The love of the apostle Paul for the church in Thessalonica is clear.
“But since we were torn away from you, brothers, for a short time, in person not in heart, we endeavored the more eagerly and with great desire to see you face to face, because we wanted to come to you – I, Paul, again and again – but Satan hindered us. For what is our hope or joy or crown of boasting before our Lord Jesus at his coming? Is it not you? For you are our glory and joy.”
Paul’s writing drips with affection for his “brothers and sisters.” He was torn away from the church, and he longed to return. What a joyous reunion it would be!
One of the long-standing practices of the church, which dates back to ancient times, is the practice of praying together. It is one thing to pray alone. But it is entirely another thing to pray together.
When we pray together as a church and when we share the results of those prayers with each other, something powerful begins to happen. Sometimes we don’t realize the shared history we have as a church. Sometimes we forget the way in which God has moved in the past within our congregation. And sometimes we fail to see the way in which God is moving among us today.
But in praying together and sharing the results of those prayers with each other, we bring that history and those movements of God to light. We begin better to see who we are as a church. Our communal identity becomes clear. In fact, we become aware again that we are, indeed, a community.

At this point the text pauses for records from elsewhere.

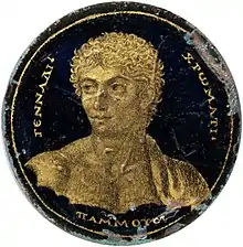 Deres emner ligner katakombemalerierne, men med en forskellig vægtning, med hyppigere portrættering af – antages det – afdøde. Udviklingen i det øgede antal billeder af helgener kan spores her.[42] Den samme teknik begyndte at blive brugt til de små kuber der blev brugt til mosaikker, guld'tesseraer'[note 15] for mosaikudsmykning i midten af 1. århundrede i Rom, og ved det 5. århundrede var de blevet standardbaggrunden for religiøse mosaikker.
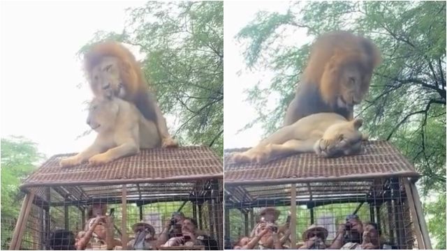 影片中,雄獅爬到車頂的母獅身上,立刻開始交配,只見牠試圖咬住對方的脖子與耳朵,還發出低聲吼叫,激烈程度讓整輛車都在狂晃,但在完事之後,母獅立刻往旁邊倒下,看起來相當疲憊。
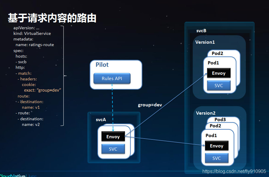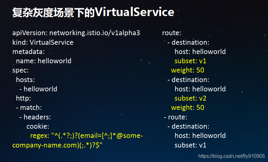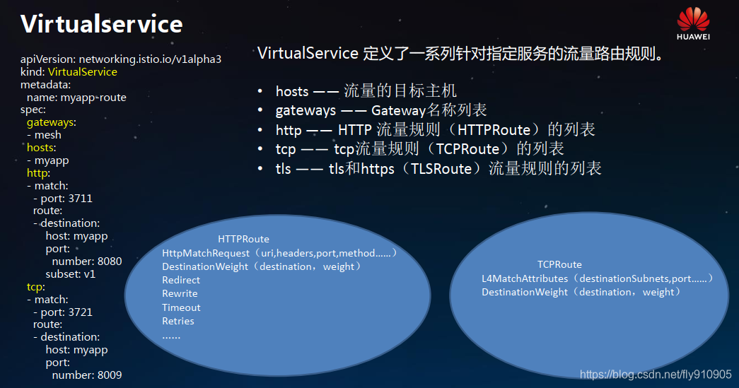 - VirtualService 在 Istio 服务网格中定义路由规则,控制路由如何路由到服务上。

And if we do this long enough, we might be able to put into words something concrete about our communal identity. We might be able to say meaningful things about who we are right now and where God is leading us.
The apostle Paul, so adept at prayer and at sharing the results of his prayers, was able to find those words for his beloved Thessalonians – “glory and joy.” The church was the glory and joy of the apostles. More fully, it was the glory and joy of the gospel.
Paul could see, and he wanted the church to see, the events of its communal past – with all its moments of desolation and consolation. Paul also wanted the church to get a glimpse of its future. This, too, was communal. “For what is our hope or joy or crown of boasting before our Lord Jesus at his coming? Is it not you? For you are our glory and joy.”
Perhaps as we continue to pray together, and to freely share the results of those prayers with each other, we’ll also find ourselves more tightly bound together as a community, as the family of God. And perhaps we’ll be able to find the words for how God also is moving among us right now and what God has in store for us in the future.